Data Mining and Constraint Programming: Foundations of a by Christian Bessiere, Luc De Raedt, Lars Kotthoff, Siegfried

By Christian Bessiere, Luc De Raedt, Lars Kotthoff, Siegfried Nijssen, Barry O'Sullivan, Dino Pedreschi

A winning integration of constraint programming and information mining has the capability to guide to a brand new ICT paradigm with a ways achieving implications. it may possibly switch the face of information mining and laptop studying, in addition to constraint programming expertise. it is going to not just permit one to exploit info mining recommendations in constraint programming to spot and replace constraints and optimization standards, but in addition to hire constraints and standards in information mining and computing device studying so one can realize versions suitable with previous wisdom.

This e-book stories on a few key effects bought in this built-in and move- disciplinary process in the ecu FP7 FET Open undertaking no. 284715 on “Inductive Constraint Programming” and a couple of linked workshops and Dagstuhl seminars. The e-book is established in 5 elements: historical past; studying to version; studying to resolve; constraint programming for information mining; and showcases.

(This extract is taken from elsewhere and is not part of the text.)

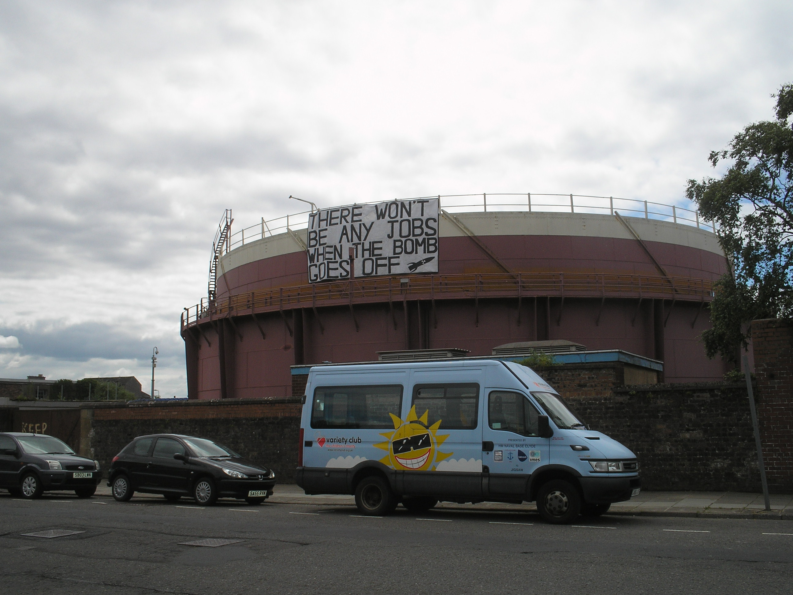 A banner drop was actioned from the gasometer in Helensburgh this week in response to the article ran in the Helensburgh Advertiser on June 21st welcoming the recent announcement of a £1.1 billion contract awarded to Rolls Royce for reactor work on Britain's nuclear submarine fleet. This announcement comes hot on the heels of news that a £350 million contract has been awarded to BAE Systems, Babcock Marine and Rolls-Royce in connection to the design stages of a Trident replacement. The disturbingly over simplified argument that jobs in the local area necessarily take priority over our international treaty and humanitarian obligations and indeed quite literal public safety issues, is an old tune, disappointingly also purported by our MSP Jackie Bailie.

In particular, [VSKSvdH09] enables the user to define a desired classifier performance. The work provides a complete analysis when a classifier is constrained to a desired level of precision (defined as F-measure and/or to tp-/fp-rate related performance measures). The learned model is adjusted to achieve the desired performance, abstaining to classifying ambiguous examples in order to guarantee the required level of performance. Furthermore, [VSKSvdH09] studies the effect on an ROC curve when ambiguous instances are left unclassified.

In the context of Las Vegas algorithms [5] it is proven to be universally optimal, achieving a runtime that is only a logarithmic factor from an optimal restart strategy where the runtime distribution of the underlying algorithm is fully known, and no other universal strategy can do better by more than a constant factor [37]. Alternatively, the geometric [55] sequence increases the cutoff by a constant factor between each run. Restarting is typically combined with randomisation in the variable and value heuristics to avoid repeatedly exploring the same search space.